When I think of late summer, I think of roadside banks and verges aglow with rosebay willowherb; of waste ground smothered by a fading spread of half-seeded meadowsweet; of long, leaning stalks of yellow grass; of ragwort and of rowans already hung with thick clusters of red berries.
I think of thistledown and spiders’ webs; of tired leaves on the trees and of riverbanks so matted and tangled with the rank profusion of spring and summer growth that you risk a sprained ankle with every step along them — which is, of course, a risk worth taking when it brings you the possibility of trout. I think of all this and much more.

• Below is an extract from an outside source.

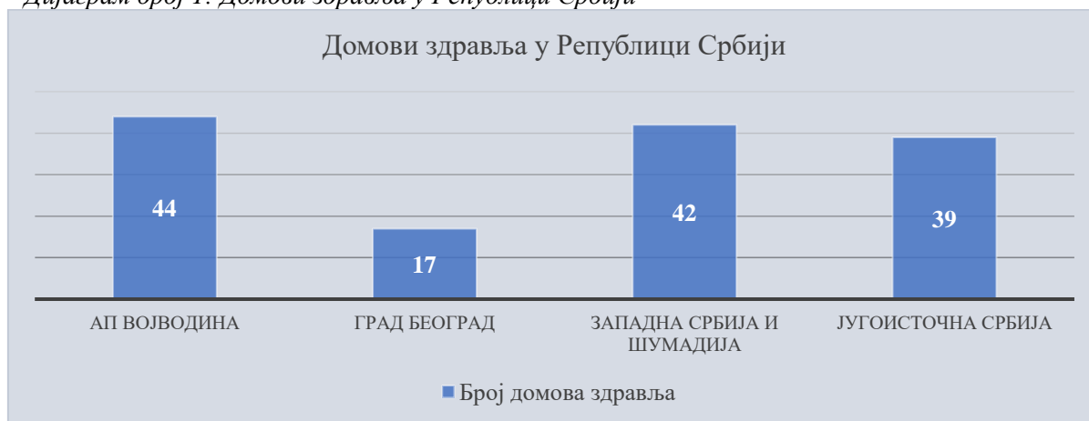
Дијаграм број 1: Домови здравља у Републици Србији 50

Од укупног броја домова здравља око 43% распоређено је на подручју Аутономне покрајине Војводине и Града Београда, односно 57% на подручју Западне и Југоисточне Србије.

But above all, I think of pheasant poults and I am pleased to report that the pheasant poults of High Park came to their pens on the first day of August and, more than three weeks later, I could not be happier with how they are doing.
Kind weather has undoubtedly been the chief contributor to this happy state of affairs. If, by the way, there are any climate-change sceptics among the readers of this diary, I can guarantee that you will be sceptics no longer when I tell you that the arrival of my poults was followed by four dry days and nights. And the rain, when it came, was normal rain — a heavy shower now and then and, from time to time, a few hours of gentle wetness. Nothing to disturb young pheasants already well settled in their new homes.
What, you will now be asking yourselves, happened to the monsoon that has visited Cumbria every August for something like 30 years? Where were the cloudbursts? Where was the thunder and lightning? Where were the endless downpours and why on earth are both my bridges still standing?